> _WORK REQUIRED_
Your answer must be the full listing, word for word, with no images in it.
====== PROVIDED MATERIAL ======
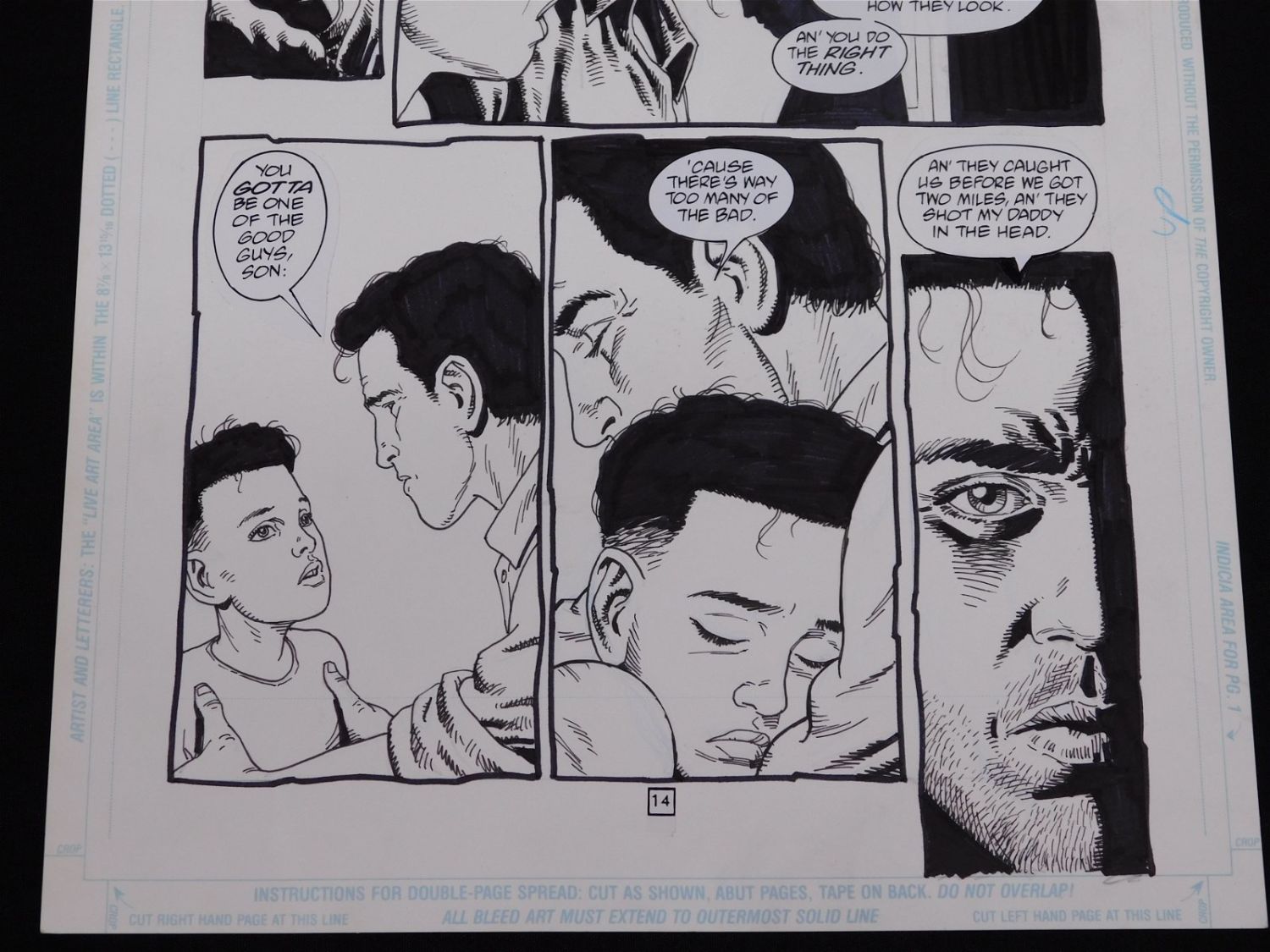 Original Comic Book Art DC/Vertigo Preacher Issue #9 Page 14. Art is by Steve Dillon. Signed by Garth Ennis and Steve Dillon. Includes Flashback to Jesse’s Childhood with multiple images of Adult Jesse and numerous panels of Jesse as a child and John Custer. Statted on dialog. Reference to John Wayne. All lots in this sale are from the personal collection of Kevin Smith. All items come with a Bodnar’s Auction COA autographed by Kevin Smith. Join Us Live on Sale Day as Kevin Smith will be our guest caller and will talk about each piece. All invoices must be paid within 24 hours of the sale. We offer multiple shipping options, please read the terms as they have changed. We also offer Pick-Ups Thursday, Friday, Saturday, and Monday immediately following the sale. BY APPOINTMENT ONLY. PLEASE READ THE NEW TERMS!!!
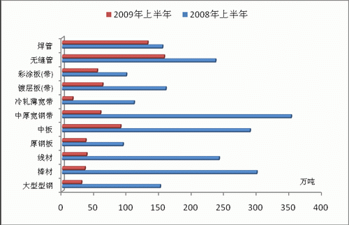 2009年上半年國內(nèi)鋼材出口市場經(jīng)歷了2006年以來最為嚴峻的惡劣形勢,國內(nèi)市場主要鋼材出口品種、主要出口目的地鋼材出口量和出口金額均大幅縮減,國內(nèi)市場再次出現(xiàn)凈進口局面。
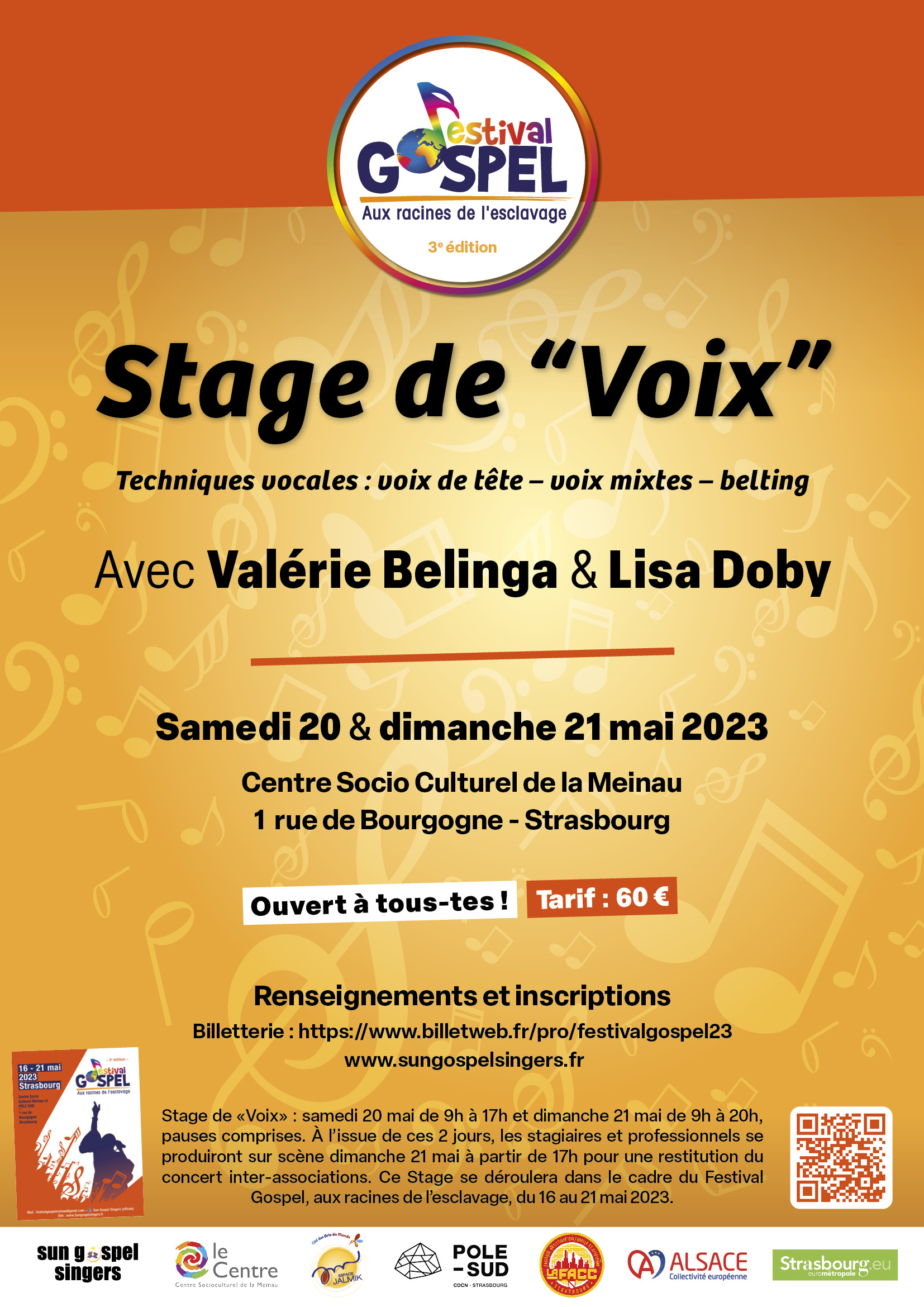 Ce stage s’inscrit dans le cadre du “Festival Gospel, aux racines de l’esclavage”, organisé par les Sun Gospel Singers, du 16 eu 21 mai 2023. Il a pour ambition de faire connaître l’héritage artistique et culturel, né des chaînes du commerce triangulaire, qui demeure intemporel et universel et plus que jamais d’actualité.
======
> _EXPECTED ANSWER_
 Original Comic Book Art DC/Vertigo Preacher Issue #9 Page 14. Art is by Steve Dillon. Signed by Garth Ennis and Steve Dillon. Includes Flashback to Jesse’s Childhood with multiple images of Adult Jesse and numerous panels of Jesse as a child and John Custer. Statted on dialog. Reference to John Wayne. All lots in this sale are from the personal collection of Kevin Smith. All items come with a Bodnar’s Auction COA autographed by Kevin Smith. Join Us Live on Sale Day as Kevin Smith will be our guest caller and will talk about each piece. All invoices must be paid within 24 hours of the sale. We offer multiple shipping options, please read the terms as they have changed. We also offer Pick-Ups Thursday, Friday, Saturday, and Monday immediately following the sale. BY APPOINTMENT ONLY. PLEASE READ THE NEW TERMS!!!
 2009年上半年國內(nèi)鋼材出口市場經(jīng)歷了2006年以來最為嚴峻的惡劣形勢,國內(nèi)市場主要鋼材出口品種、主要出口目的地鋼材出口量和出口金額均大幅縮減,國內(nèi)市場再次出現(xiàn)凈進口局面。
 Ce stage s’inscrit dans le cadre du “Festival Gospel, aux racines de l’esclavage”, organisé par les Sun Gospel Singers, du 16 eu 21 mai 2023. Il a pour ambition de faire connaître l’héritage artistique et culturel, né des chaînes du commerce triangulaire, qui demeure intemporel et universel et plus que jamais d’actualité.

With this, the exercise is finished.